─── Records shown ───

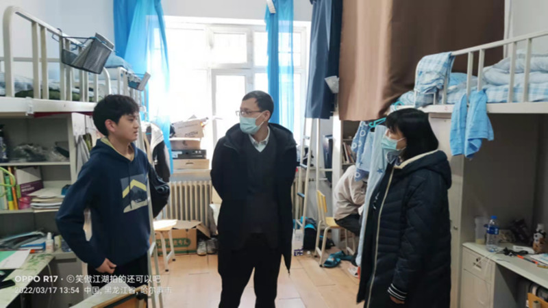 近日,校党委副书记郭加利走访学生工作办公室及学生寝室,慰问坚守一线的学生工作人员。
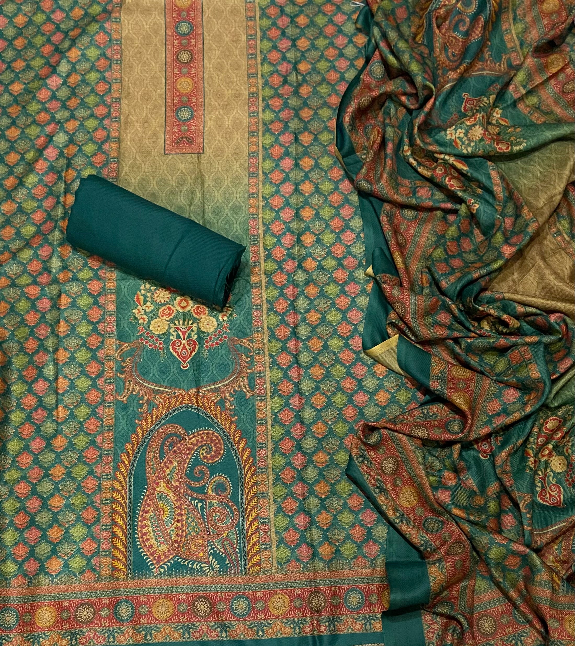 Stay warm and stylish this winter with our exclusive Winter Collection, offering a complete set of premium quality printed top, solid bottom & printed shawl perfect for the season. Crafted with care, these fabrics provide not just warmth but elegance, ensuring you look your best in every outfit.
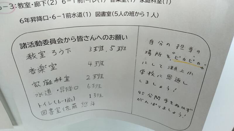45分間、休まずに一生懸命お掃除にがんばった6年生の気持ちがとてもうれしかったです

───
─── Records shown ───

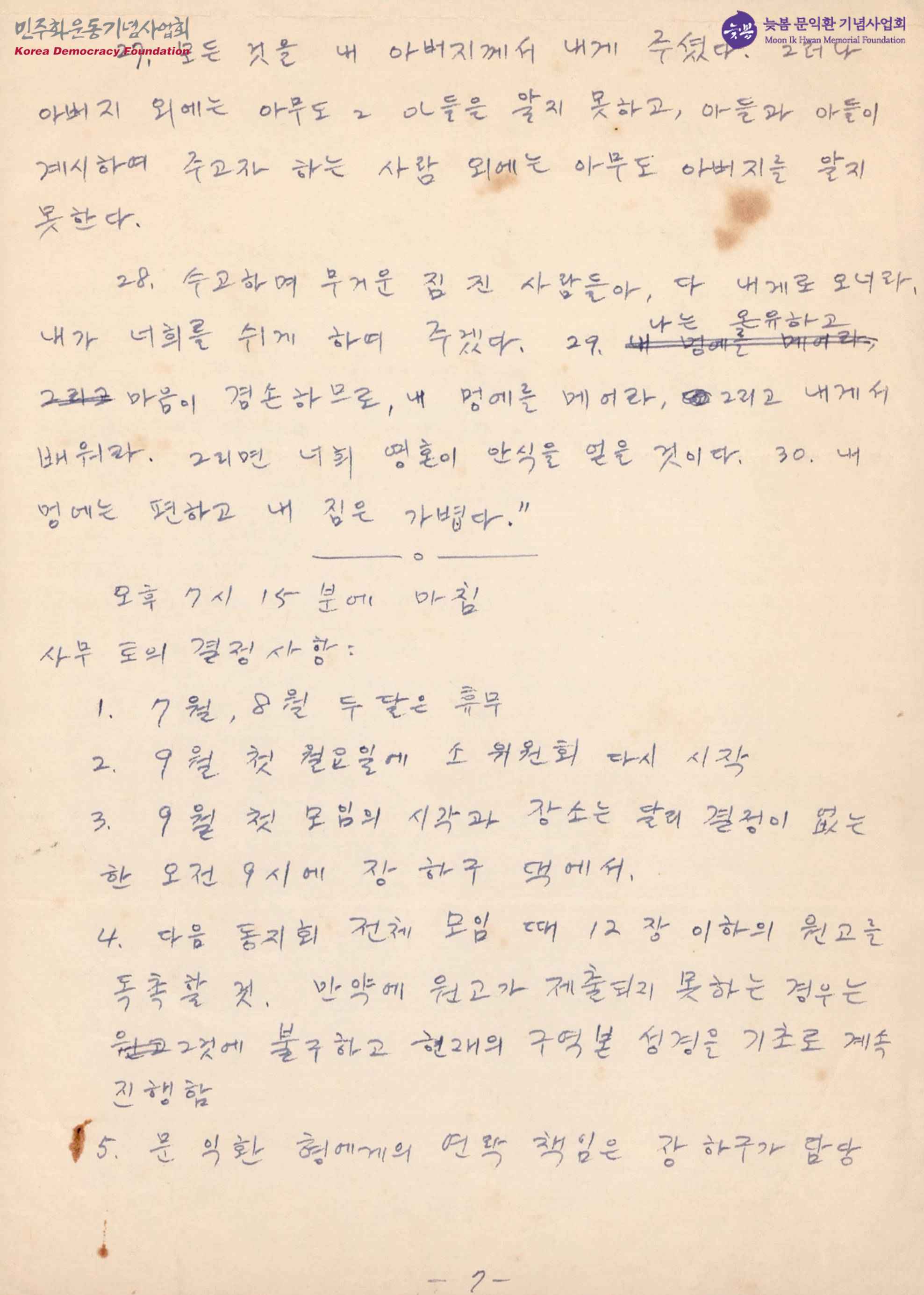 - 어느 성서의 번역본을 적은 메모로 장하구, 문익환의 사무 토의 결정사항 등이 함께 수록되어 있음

───

→ **Problem statement**
Could you transcribe exactly the entries above, but only the lines from the one with "Stay warm and" through the one with "45分間、休まずに一生懸命お", and without pictures?

→ **Finished exercise**
 Stay warm and stylish this winter with our exclusive Winter Collection, offering a complete set of premium quality printed top, solid bottom & printed shawl perfect for the season. Crafted with care, these fabrics provide not just warmth but elegance, ensuring you look your best in every outfit.
45分間、休まずに一生懸命お掃除にがんばった6年生の気持ちがとてもうれしかったです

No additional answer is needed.